Are the mount options correct?
Check the syslog for more info.

[root@dc-mds01 log]# tail /var/log/messages
Oct 3 16:00:07 dc-mds01 multipathd: dm-7: add map (uevent)
Oct 3 16:00:21 dc-mds01 crm_shadow: [11747]: info: Invoked: crm_shadow
Oct 3 16:00:21 dc-mds01 crm_resource: [11748]: info: Invoked: crm_resource --meta -r mgs -p target-role -v Started
Oct 3 16:00:22 dc-mds01 multipathd: dm-6: umount map (uevent)

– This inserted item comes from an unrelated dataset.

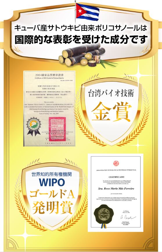 キューバ産サトウキビ由来ポリコサノール
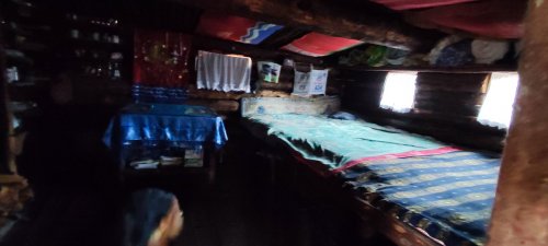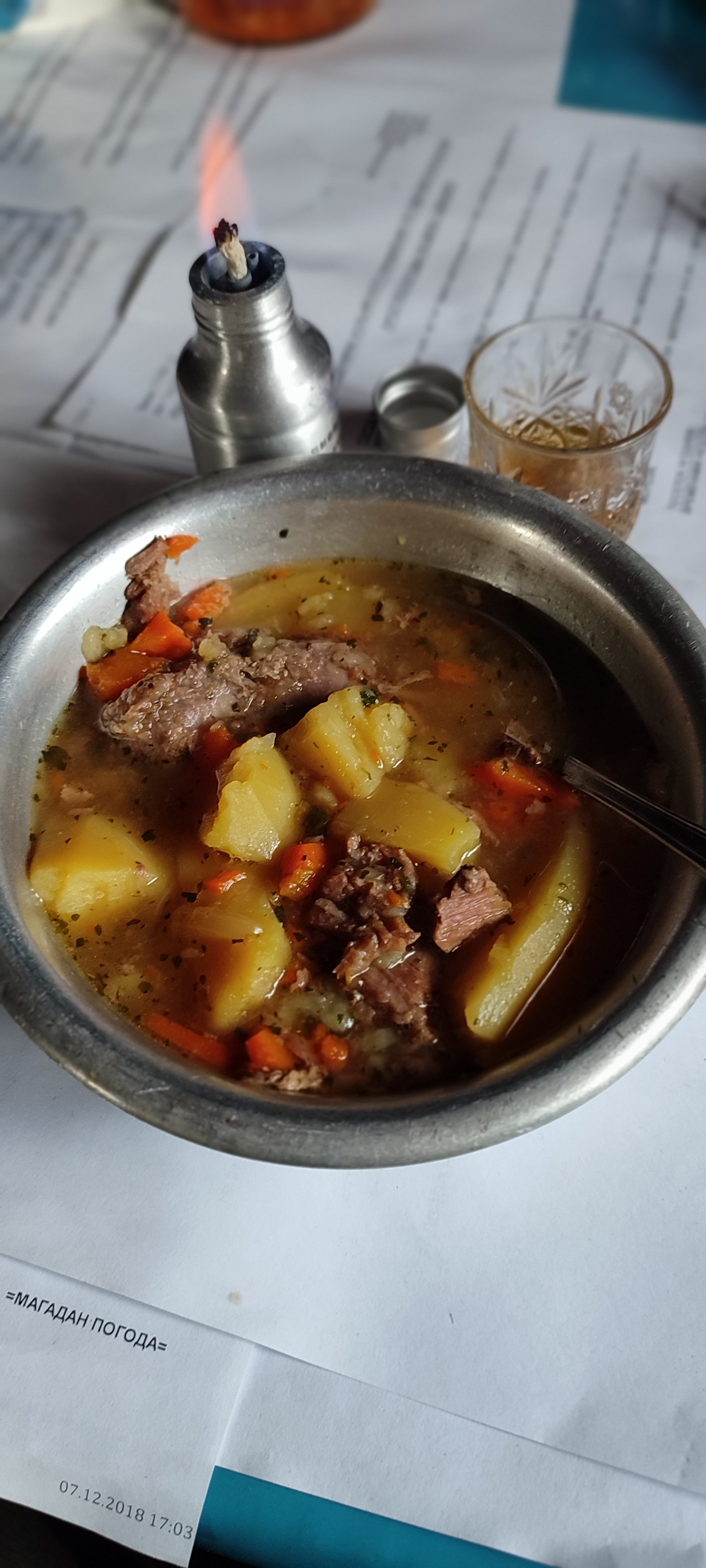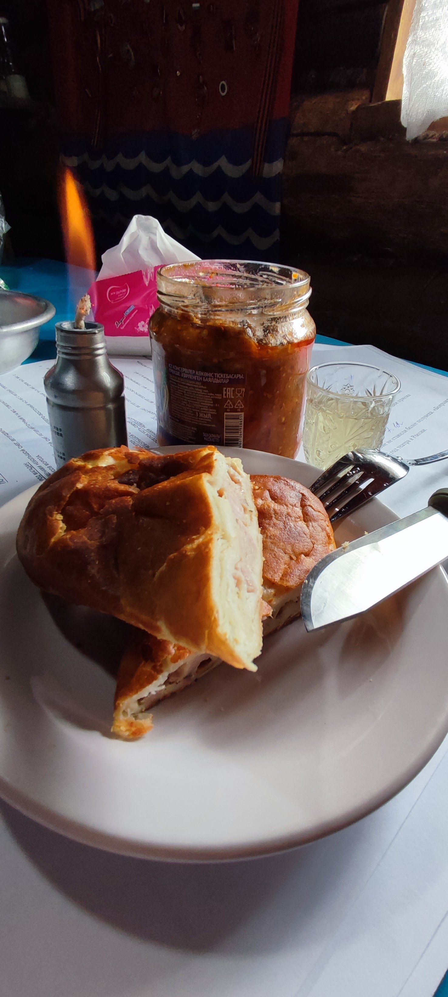 Обед на лесной избе. Нож - дешёвая реплика Моры. Оригинальный Кансбол потерял в кустах стланика, пришлось замену искать. На удивление, неплохая реплика.

Oct 3 16:00:32 dc-mds01 crm_shadow: [11970]: info: Invoked: crm_shadow
Oct 3 16:00:32 dc-mds01 crm_resource: [11971]: info: Invoked: crm_resource --meta -r mdt_dc -p target-role -v Started
Oct 3 16:23:10 dc-mds01 crm_shadow: [12965]: info: Invoked: crm_shadow
Oct 3 16:23:10 dc-mds01 crm_resource: [12966]: info: Invoked: crm_resource --meta -r mdt_dc -p target-role -v Started
Oct 3 16:39:36 dc-mds01 multipathd: dm-7: umount map (uevent)
Oct 3 16:39:39 dc-mds01 multipathd: dm-7: umount map (uevent)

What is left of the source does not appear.